- Interactive map of Ila
- Ila Location in Nigeria
- Coordinates: 8°01′N 4°54′E﻿ / ﻿8.017°N 4.900°E
- Country: Nigeria
- State: Osun State
- Headquarter: Ila Orangun

Government
- • Chairman: Adeyemi Adebara A

Area
- • Total: 303 km^{2} (117 sq mi)

Population (2006 census)
- • Total: 62,049
- • Density: 205/km^{2} (530/sq mi)
- Time zone: UTC+1 (WAT)
- 3-digit postal code prefix: 233
- ISO 3166 code: NG.OS.IL

= Ila, Osun State =

City in Osun state, Nigeria

Ila is a local government area in Osun State, Nigeria. Its headquarters are in the town of Ila Orangun. The current chairman of the council is Adeyemi Adebara A.

It has an area of 303 km^{2} and a population of 62,049 at the 2006 census.
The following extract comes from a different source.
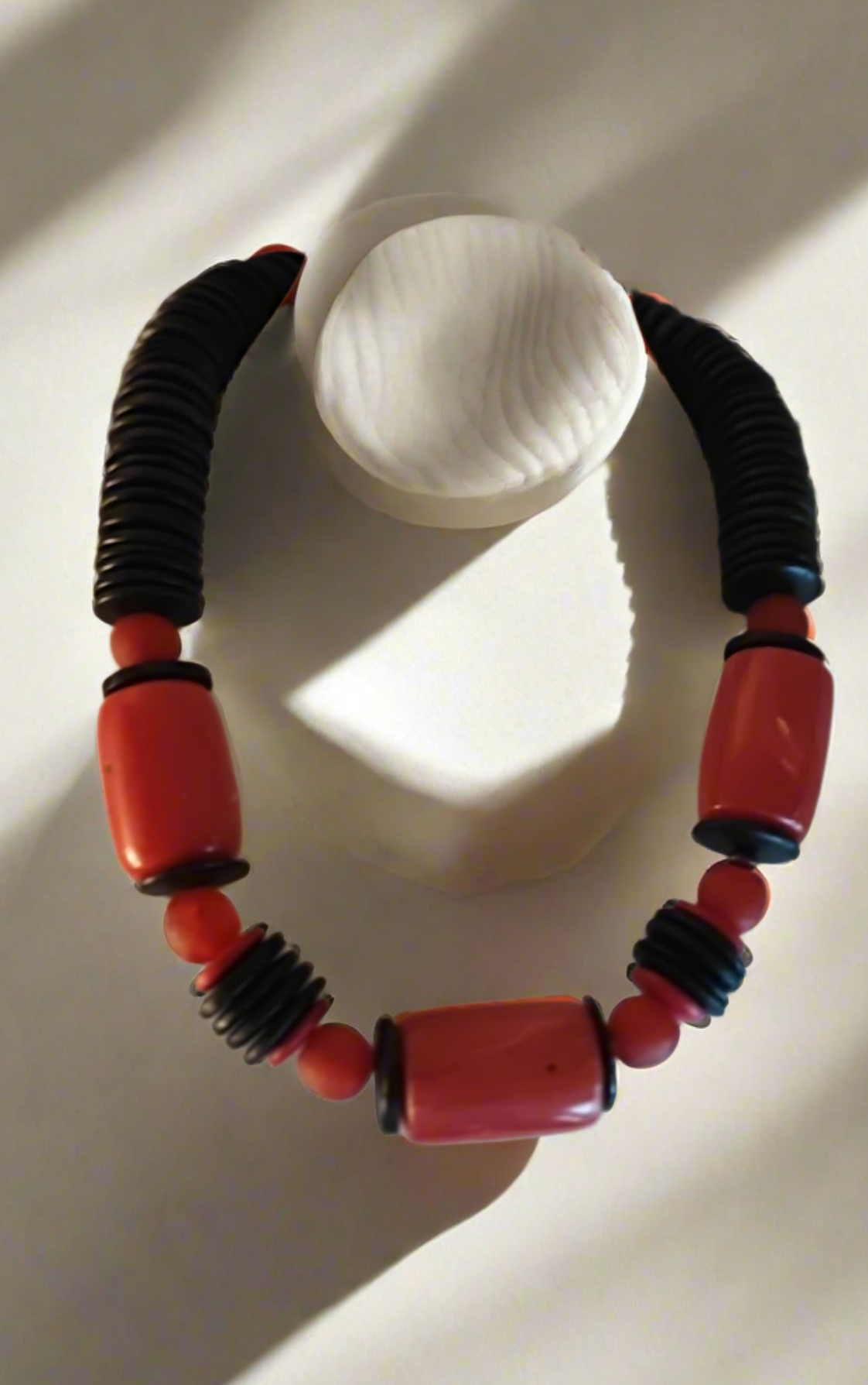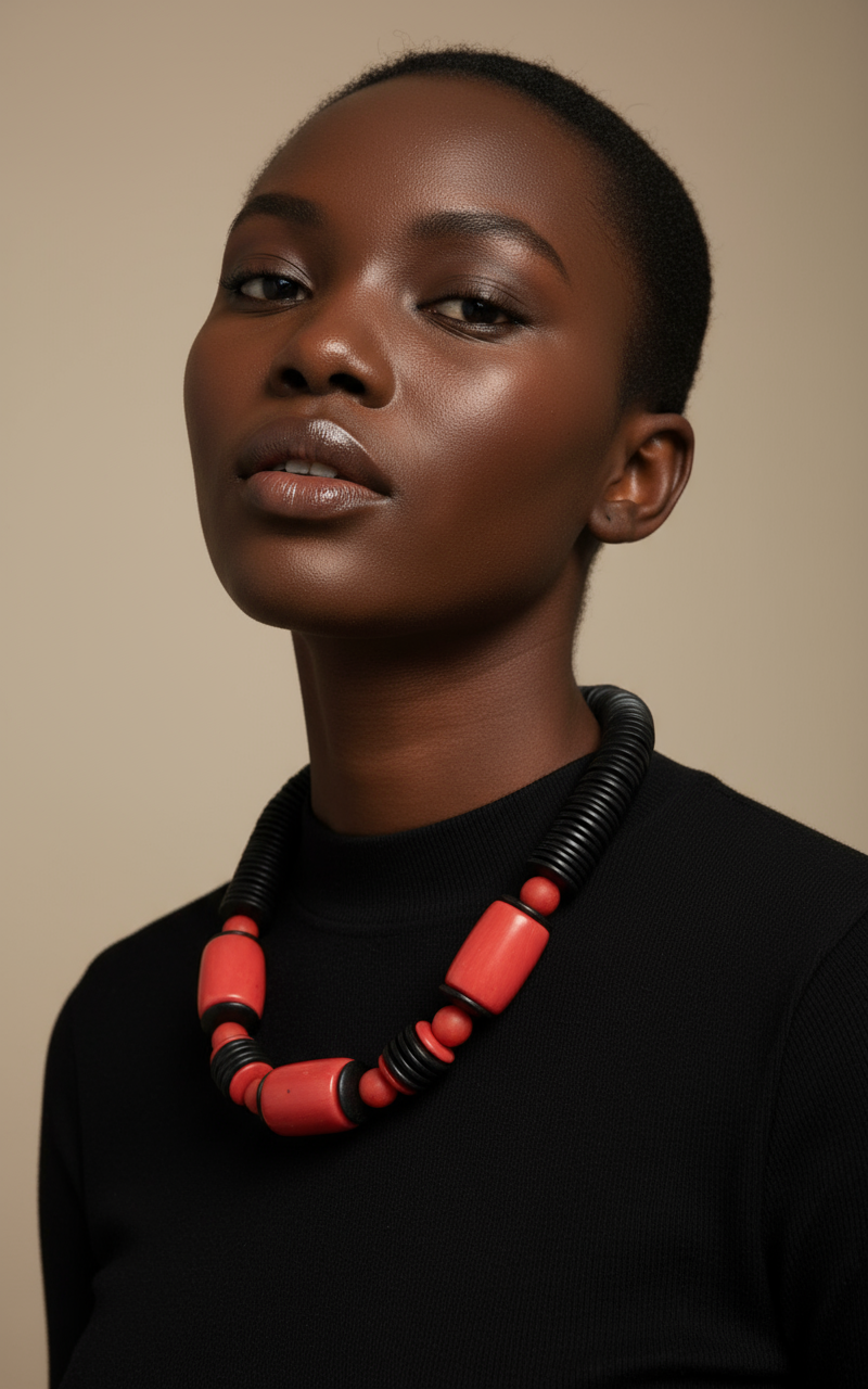 Los barriles rojos de la gargantilla ajustable están hechos con resina y laminas de hueso plano negras. Esta combinación asegura una durabilidad y resistencia inmejorables para una joyería con estilo moderno.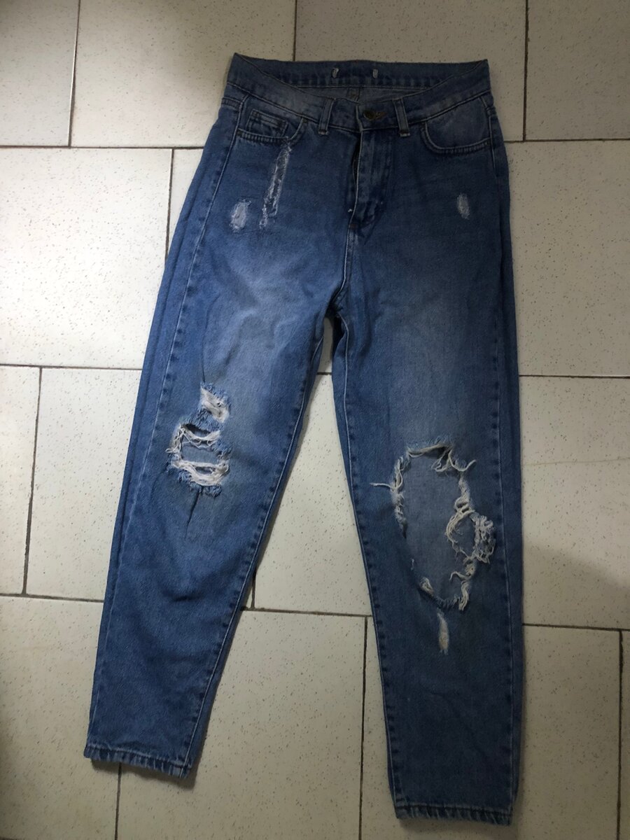 Adoptez un style audacieux avec ces jeans bleus déchirés. Conçus pour le confort avec une coupe moderne, ils sont parfaits pour un look décontracté. Fabriqués en denim de haute qualité, ces jeans sont durables et idéaux pour toutes les saisons. Associez-les avec votre haut préféré pour une tenue chic et cool. Disponible pour hommes et femmes, c'est le choix parfait pour tous ceux qui aiment le fashion avant-gardiste.

The postal code of the area is 234.

== Ila Central Local Council Development Area (LCDA) ==
Ila Central Local Council Development Area (LCDA) was created out of Ila area council for administrative convenience, better development planning and to bring government closer to the grassroot. The LCDA is created by the Government of Osun State and is responsible for the funding of the council. The LCDA is headed by a chairman, vice chairman and other executive and legislative branches similar to the federally recognized local councils. Ademola Kolawole is the current chairman of the LCDA.